EXERCISE:
After locating the line that contains "Ergonomisk udformet børste", output that line and each one following it, exactly, to the end of the entries. No pictures.

Records from a data source
■ ■ ■ ■
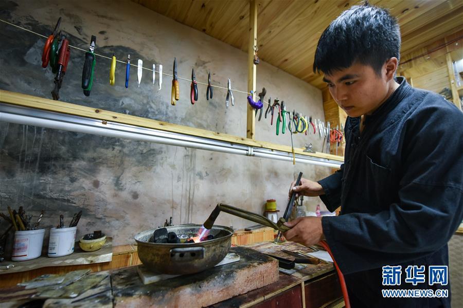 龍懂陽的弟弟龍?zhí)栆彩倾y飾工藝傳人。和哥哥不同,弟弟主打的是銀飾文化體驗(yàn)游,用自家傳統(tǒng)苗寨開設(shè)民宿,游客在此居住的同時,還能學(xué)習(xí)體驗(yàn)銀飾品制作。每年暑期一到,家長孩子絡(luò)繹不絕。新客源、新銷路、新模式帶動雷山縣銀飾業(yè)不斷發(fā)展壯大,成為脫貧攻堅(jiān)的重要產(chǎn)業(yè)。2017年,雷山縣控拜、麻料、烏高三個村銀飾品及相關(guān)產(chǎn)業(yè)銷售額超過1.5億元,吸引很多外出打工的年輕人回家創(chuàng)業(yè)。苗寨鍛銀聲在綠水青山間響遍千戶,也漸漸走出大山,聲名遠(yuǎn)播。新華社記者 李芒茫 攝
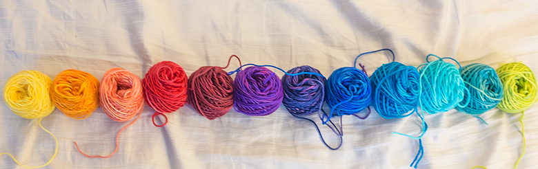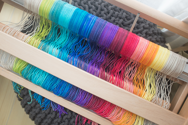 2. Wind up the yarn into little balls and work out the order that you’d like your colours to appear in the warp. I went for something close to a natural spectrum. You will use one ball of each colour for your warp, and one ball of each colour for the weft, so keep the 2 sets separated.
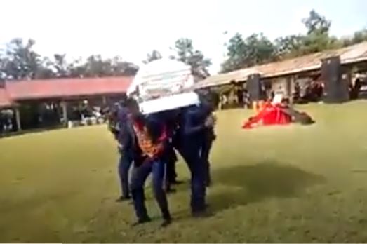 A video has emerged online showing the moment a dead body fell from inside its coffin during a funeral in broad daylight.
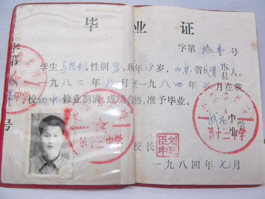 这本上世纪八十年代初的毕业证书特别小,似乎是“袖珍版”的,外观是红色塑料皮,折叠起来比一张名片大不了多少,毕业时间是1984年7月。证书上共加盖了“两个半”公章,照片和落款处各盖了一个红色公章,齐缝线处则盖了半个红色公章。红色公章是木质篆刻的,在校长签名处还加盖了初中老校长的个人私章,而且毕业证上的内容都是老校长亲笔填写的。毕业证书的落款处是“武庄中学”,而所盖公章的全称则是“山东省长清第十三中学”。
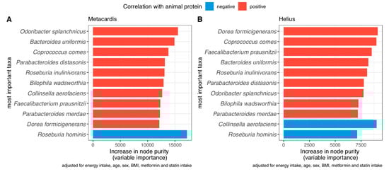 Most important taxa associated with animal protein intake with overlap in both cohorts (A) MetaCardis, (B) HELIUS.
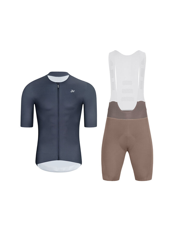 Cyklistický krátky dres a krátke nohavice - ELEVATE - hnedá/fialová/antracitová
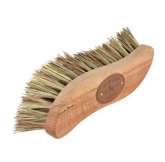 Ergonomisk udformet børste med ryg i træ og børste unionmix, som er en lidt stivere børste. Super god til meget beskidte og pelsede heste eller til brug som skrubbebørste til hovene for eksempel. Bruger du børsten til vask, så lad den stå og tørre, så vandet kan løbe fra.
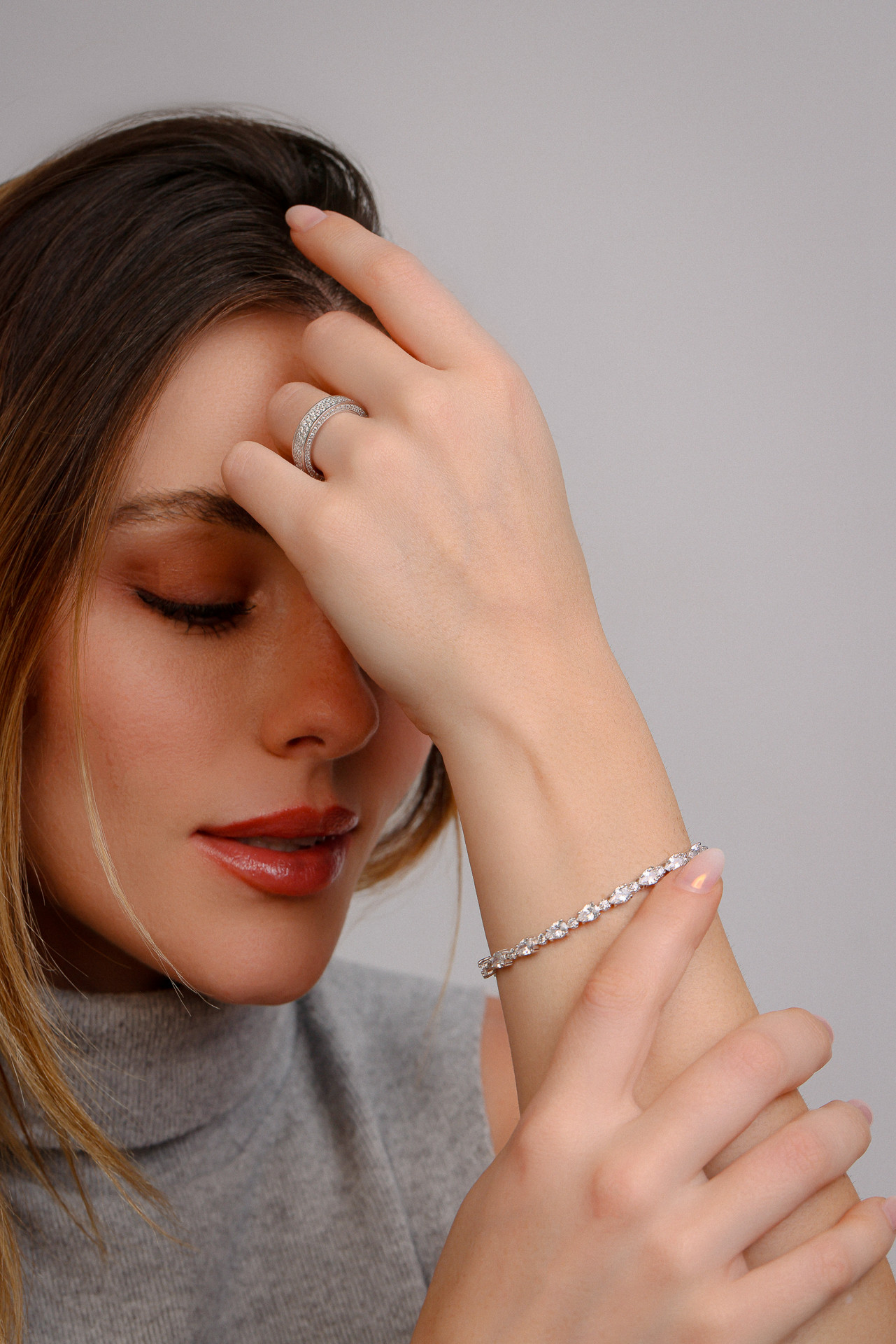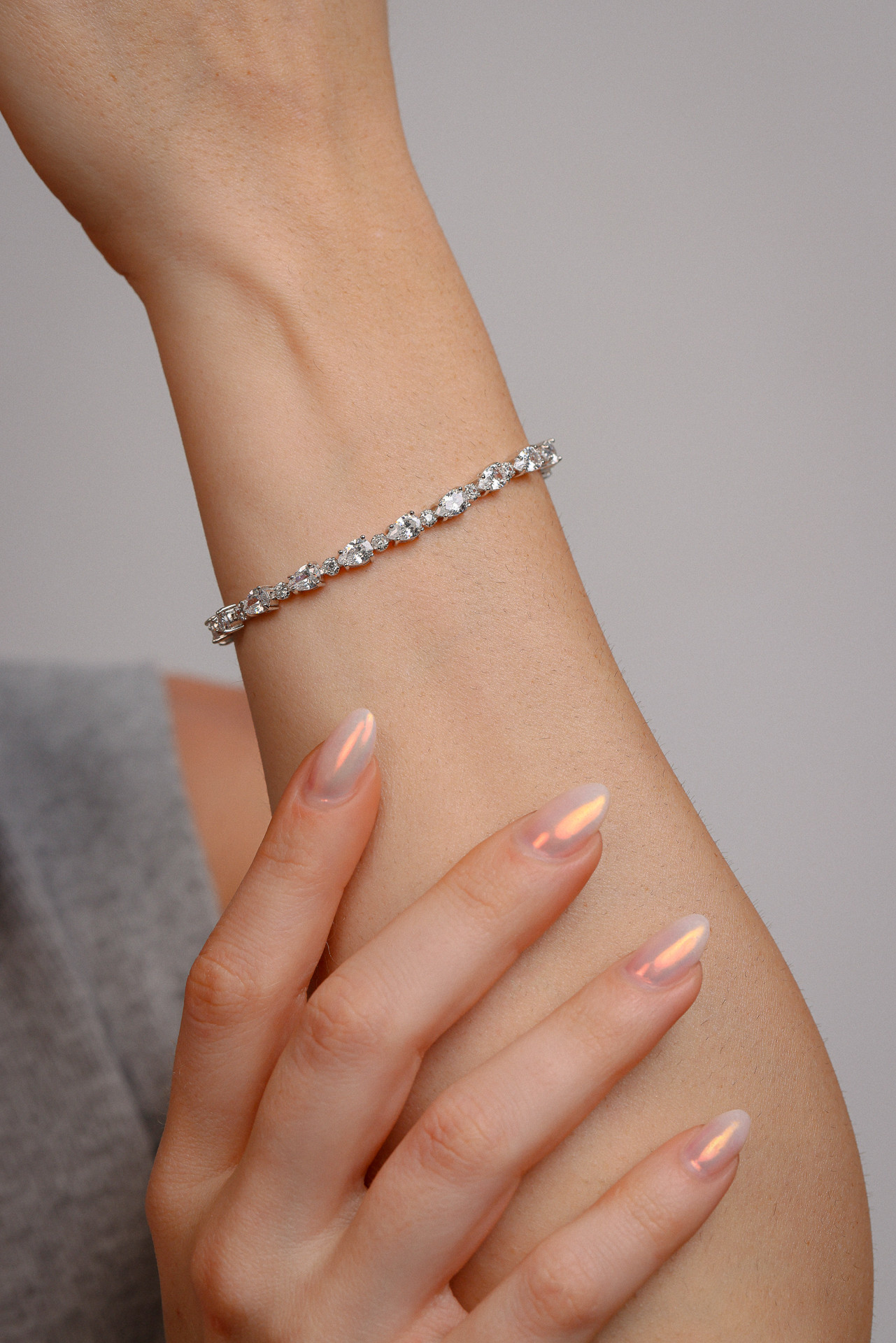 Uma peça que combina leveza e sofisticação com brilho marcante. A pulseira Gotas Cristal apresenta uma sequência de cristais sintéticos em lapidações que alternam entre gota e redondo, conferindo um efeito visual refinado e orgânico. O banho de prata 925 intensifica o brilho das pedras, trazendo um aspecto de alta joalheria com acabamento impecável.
■ ■ ■ ■
REPLY:
 Ergonomisk udformet børste med ryg i træ og børste unionmix, som er en lidt stivere børste. Super god til meget beskidte og pelsede heste eller til brug som skrubbebørste til hovene for eksempel. Bruger du børsten til vask, så lad den stå og tørre, så vandet kan løbe fra.
 Uma peça que combina leveza e sofisticação com brilho marcante. A pulseira Gotas Cristal apresenta uma sequência de cristais sintéticos em lapidações que alternam entre gota e redondo, conferindo um efeito visual refinado e orgânico. O banho de prata 925 intensifica o brilho das pedras, trazendo um aspecto de alta joalheria com acabamento impecável.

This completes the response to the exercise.